Published: June 5, 2017 By
“S/HE” art installation at 2017 Venice Bienniale

Two bodies of work exhibited in an official satellite site of Venice Biennale 2017, the oldest and arguably most prestigious visual arts event in the world, share close ties to the University of Colorado Boulder.

Joel Swanson, an assistant professor with the ATLAS Institute, and Laura Shill, a technician for Interdisciplinary Media Art Practices in the Department of Art and Art History, both have installations in Personal Structures, a large-scale exhibition of the Venice Biennale, which runs through Nov. 26 at the Palazzo Bembo, located off the Grand Canal in Venice, Italy. Denver’s Black Cube, an experimental art museum that operates nomadically, is the primary sponsor for Personal Structures.

joel swanson

Laura Shill

Photo by Morgan Rachel Levy

“It’s such an honor,” says Swanson. “I returned to Boulder encouraged that my work is on par with the other work I saw at the Biennale.”

Swanson’s installation includes two, three-foot wide neon sculptures, “S/HE” and “T/HERE.” The neon letters are illuminated, but the inverted “S” in S/HE and the “T” in T/HERE flicker on and off, challenging the tendency to perceive the world through binaries, such as male and female, Swanson says.

Shill’s installation, “Trophy Wall (to disguise the void),” uses gold spandex draped over discarded soccer and basketballs, creating a luxurious tableaux in the darkened gallery that, upon closer inspection, reveals itself to be a cheap imitation.
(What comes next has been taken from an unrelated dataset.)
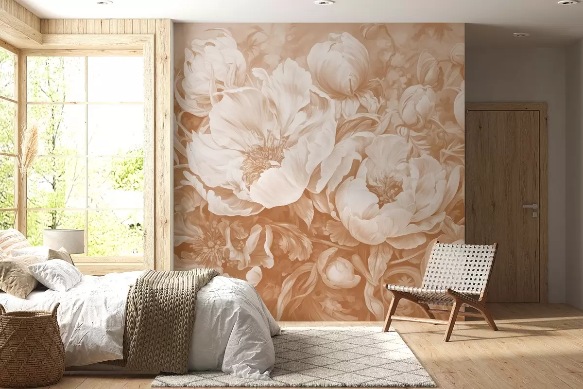 Фотошпалери Тюльпани та півонії, квіткова композиція в стилі бежевого олійного мазка w08817v1

At the same time, the shiny fabric resembles a theatre curtain from which human figures, simultaneously veiled and revealed, emerge.

Shill says this work is about “creating facades as monuments to greatness that are really about hiding insecurity, distracting ourselves from our fears, and trying to momentarily forget our own impermanence.” 

Black Cube regularly features pop-up exhibits, but Venice Biennale represents the nonprofit’s first nomadic installation outside Colorado. Black Cube partnered with Dutch nonprofit GAA Foundation for support. Colorado Creative Industries and CU Boulder’s Center for Humanities and the Arts also provided grant support to Swanson.

Swanson, who earned a BFA in digital art from CU Boulder, has appeared nationally and internationally at venues such as the Broad Museum in Lansing, Michigan; The Power Plant in Toronto; the North Miami Museum of Contemporary Art; and Denver’s Museum of Contemporary Art, where he had a solo exhibition.

Later this summer, he opens another solo show, Sticks and Stones, at David B. Smith Gallery in Denver that focuses on political speech. And his commissioned work can be found throughout Denver, including a wall-sized installation at the Halcyon Hotel in Cherry Creek; a work in Twitter’s corporate office; and a collection of works for the soon-to-open Born Hotel in Denver, including 24 smaller pieces, four larger works and a substantial backlit, laser-cut aluminum wall to be mounted in the covered entrance outside the hotel.

Shill earned an MFA in interdisciplinary media arts practices from CU Boulder in 2012 and has exhibited her work nationally and internationally at the Yi Tong Bai Tong Gallery, Shang Hai, China; The Gallery Of Contemporary Art, Colorado Springs; Redline Gallery, Denver;  and Hyperlink Gallery, Chicago. Her work was also presented in Denver’s Museum of Contemporary Art in a recent solo exhibition, Phantom Touch.